* **EXERCISE**
Write out the listing exactly, from its first line through the line holding "Philip Miller [1691-1771]", but include none of the pictures.

* **RECORDS FOR THE TASK**
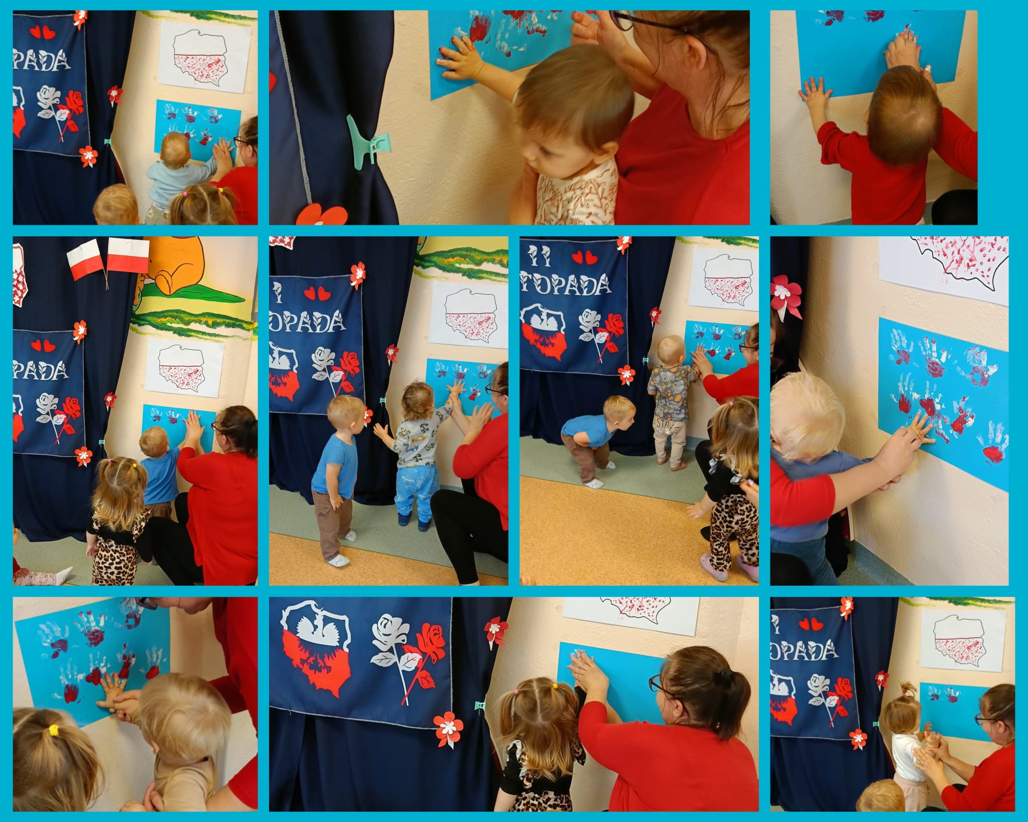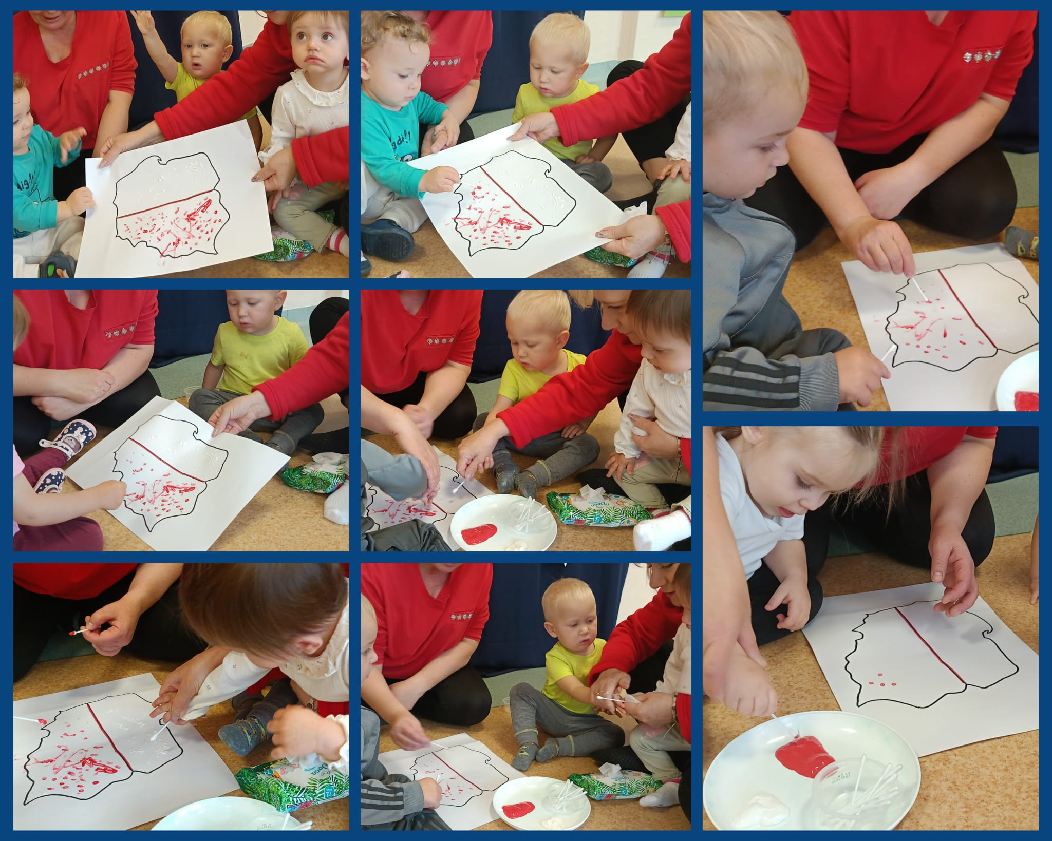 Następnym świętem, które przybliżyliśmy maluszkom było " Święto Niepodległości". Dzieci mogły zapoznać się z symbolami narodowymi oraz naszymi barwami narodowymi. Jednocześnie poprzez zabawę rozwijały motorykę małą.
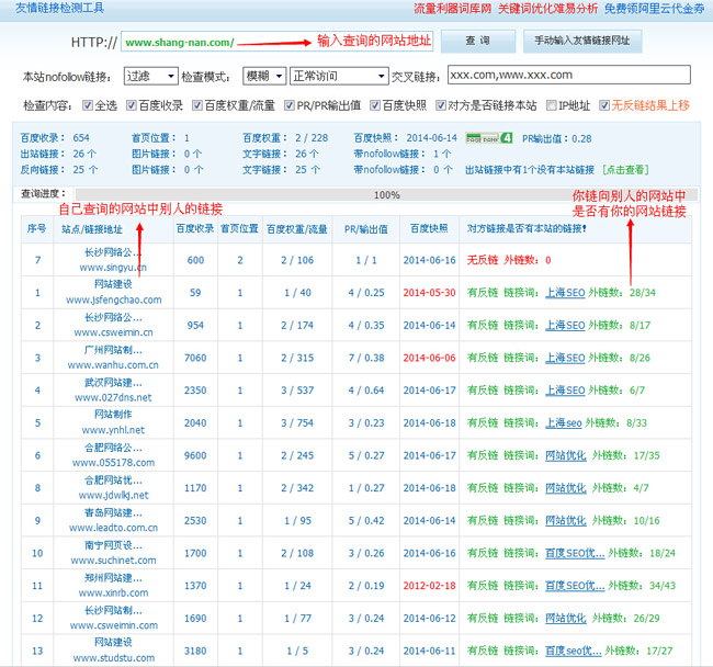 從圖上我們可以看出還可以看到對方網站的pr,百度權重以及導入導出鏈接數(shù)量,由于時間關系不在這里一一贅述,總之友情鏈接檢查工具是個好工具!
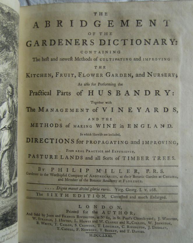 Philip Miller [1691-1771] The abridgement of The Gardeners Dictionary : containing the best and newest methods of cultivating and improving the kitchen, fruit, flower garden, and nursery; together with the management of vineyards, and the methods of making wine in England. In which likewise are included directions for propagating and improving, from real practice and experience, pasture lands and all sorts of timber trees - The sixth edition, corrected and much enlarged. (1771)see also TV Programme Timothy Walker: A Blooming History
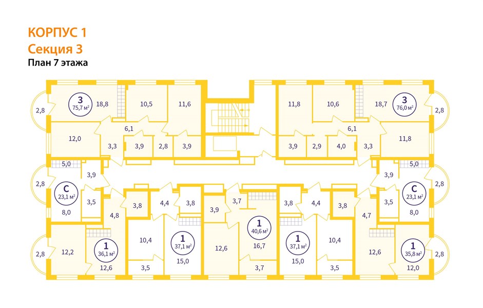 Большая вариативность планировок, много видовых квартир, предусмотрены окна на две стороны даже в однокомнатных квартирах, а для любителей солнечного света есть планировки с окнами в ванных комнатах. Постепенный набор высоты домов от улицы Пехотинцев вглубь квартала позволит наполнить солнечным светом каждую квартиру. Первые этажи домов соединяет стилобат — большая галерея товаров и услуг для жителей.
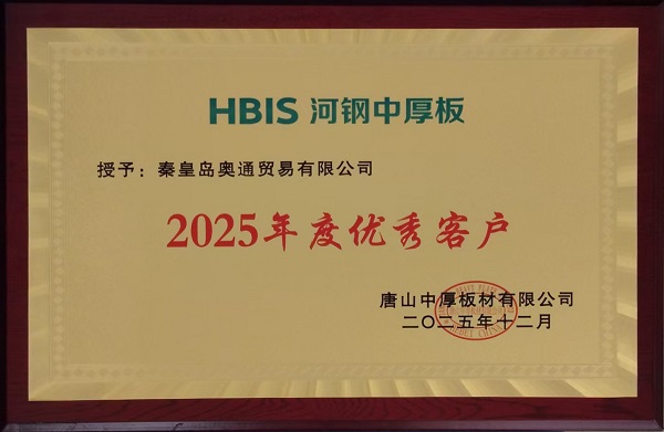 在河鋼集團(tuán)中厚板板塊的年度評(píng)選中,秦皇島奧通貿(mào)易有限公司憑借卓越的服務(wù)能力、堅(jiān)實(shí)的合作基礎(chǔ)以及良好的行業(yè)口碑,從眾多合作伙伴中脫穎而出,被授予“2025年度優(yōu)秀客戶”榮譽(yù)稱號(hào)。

* **RESPONSE**
 Następnym świętem, które przybliżyliśmy maluszkom było " Święto Niepodległości". Dzieci mogły zapoznać się z symbolami narodowymi oraz naszymi barwami narodowymi. Jednocześnie poprzez zabawę rozwijały motorykę małą.
 從圖上我們可以看出還可以看到對方網站的pr,百度權重以及導入導出鏈接數(shù)量,由于時間關系不在這里一一贅述,總之友情鏈接檢查工具是個好工具!
 Philip Miller [1691-1771] The abridgement of The Gardeners Dictionary : containing the best and newest methods of cultivating and improving the kitchen, fruit, flower garden, and nursery; together with the management of vineyards, and the methods of making wine in England. In which likewise are included directions for propagating and improving, from real practice and experience, pasture lands and all sorts of timber trees - The sixth edition, corrected and much enlarged. (1771)see also TV Programme Timothy Walker: A Blooming History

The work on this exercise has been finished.